Странный офицер, не заглядывая в тупик, сделал поворот кругом и отправился в обратный путь — к утерянной фуражке или подстреленным коллегам. Волльвебер до боли сдавил руку Хельмена, собиравшегося покинуть укрытие. Они проторчали там до полной темноты, лишь после этого осторожно выбрались наружу.
— Эрнст… Тот эсэсовец? Он решил нас отпустить? Или…
— Или просто повезло. Забудь.
Тревожные думы, как покинуть Гамбург, кишащий полицией, вытеснили мысли об обстоятельствах спасения. Волльвебер практически заново создал свою организацию и больше никогда не пренебрегал правилами конспирации. Теперь каждый подпольщик лично знал не более двух-трех коллег. Гамбургский разгром обошелся слишком дорого…
Глава 18. Минск
Холодно. Очень подходяще названа еврейская молельня в центре города — Холодная синагога.
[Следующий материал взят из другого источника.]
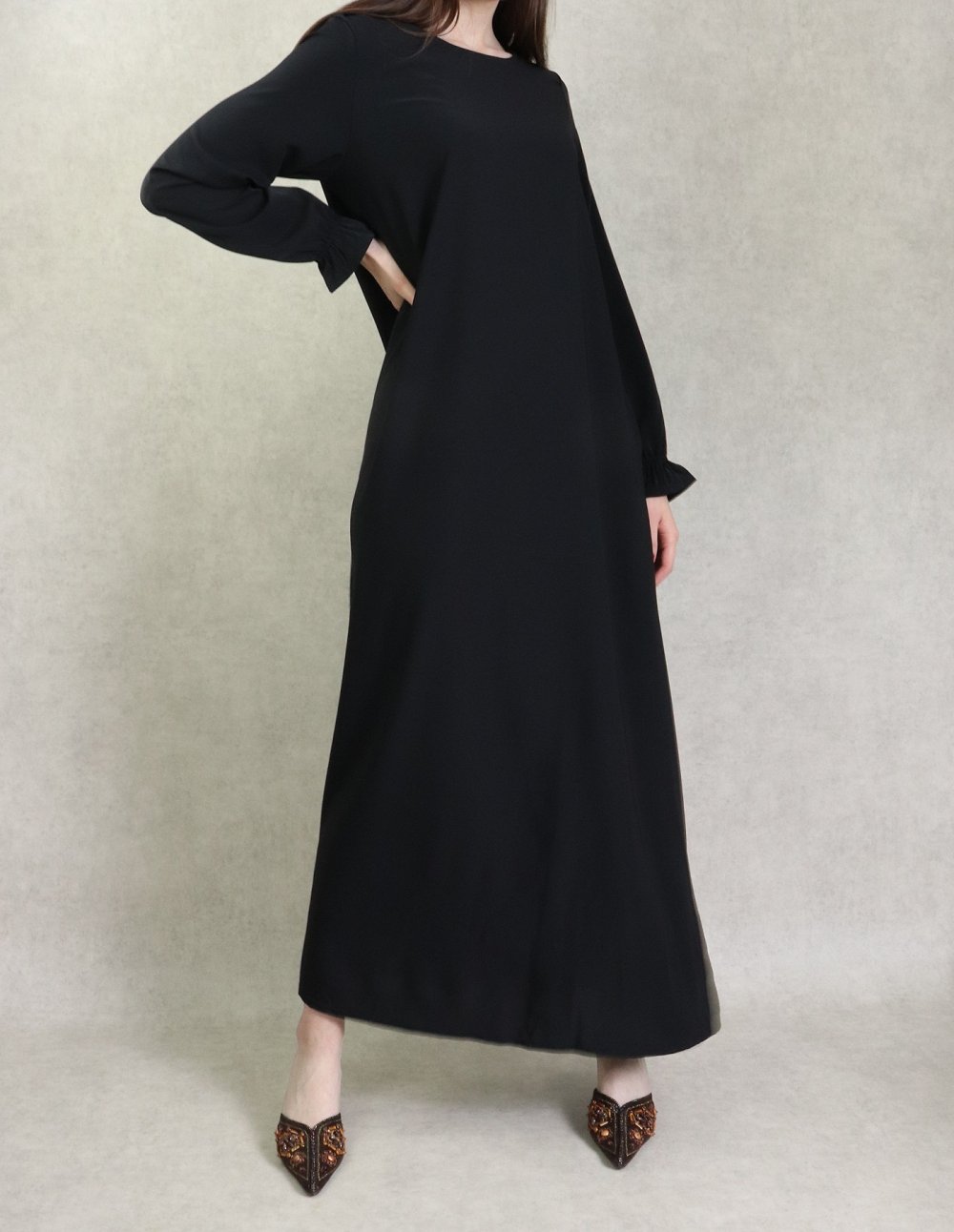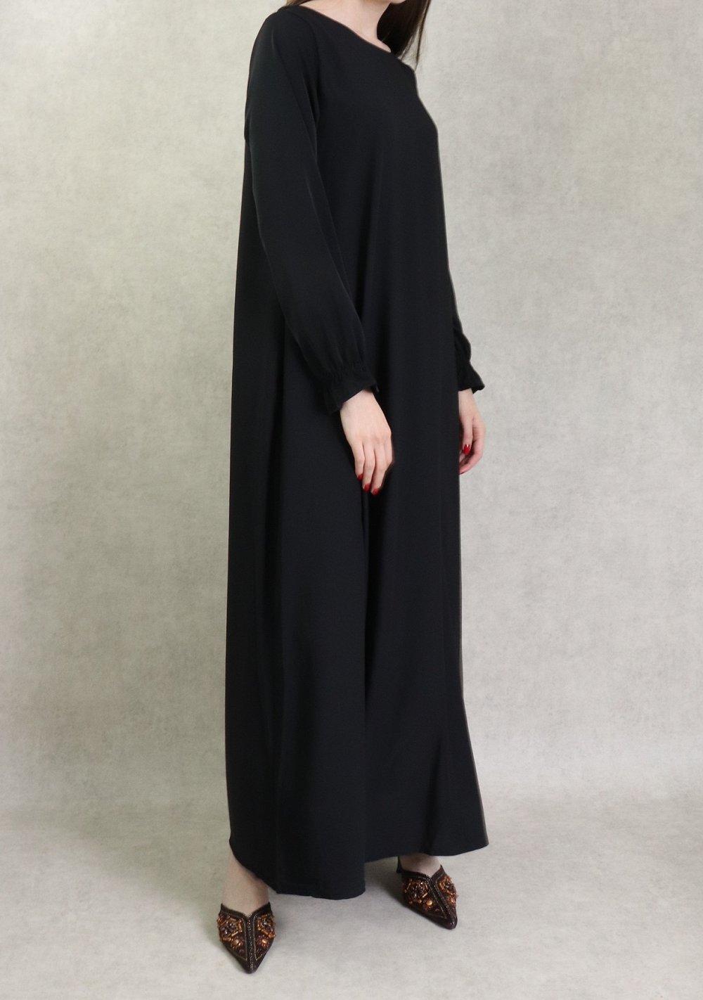 Jolie robe Abaya longue, col rond, coupe évasée, deux poches latérales, tissu nidah noir opaque. Beau tombé et très agréable à porter. Intemporel, il se porte en toutes saisons, en toutes occasions.

Не просто холодно — одиноко. Глаз цепляется за башенку коллегиума иезуитов. Рядом видны парные колокольни костела и православного собора, им веселее в компании.
Я пересекаю площадь Свободы и углубляюсь в Революционную улицу, многие жители Минска по старой памяти именуют ее Койдановской. Компанию мне составляет только январский снег, услужливо заметающий следы, будто это маскирует разведчика-нелегала. Смешно, я нелегально заброшен в СССР по спецзаданию СД.
Короткая Койдановская упирается в Республиканскую, в жилом доме на углу меня ждут. Иду не спеша, чтобы подгадать прибытие в конспиративную квартиру НКВД ровно к четырнадцати, как назначено.
Нервничаю? Нет. Это странно. Абвер и СД постоянно получают сообщения об арестах советской агентуры, отозванной в СССР. Словно кто-то прокручивает гениальную операцию против ИНО ГУГБ и военной разведки, уничтожая кадры руками чекистов. Внутри меня плещется необъяснимое фаталистическое спокойствие — если суждено, то суждено. И даже разворот кругом с бегством от судьбы ничего не изменит.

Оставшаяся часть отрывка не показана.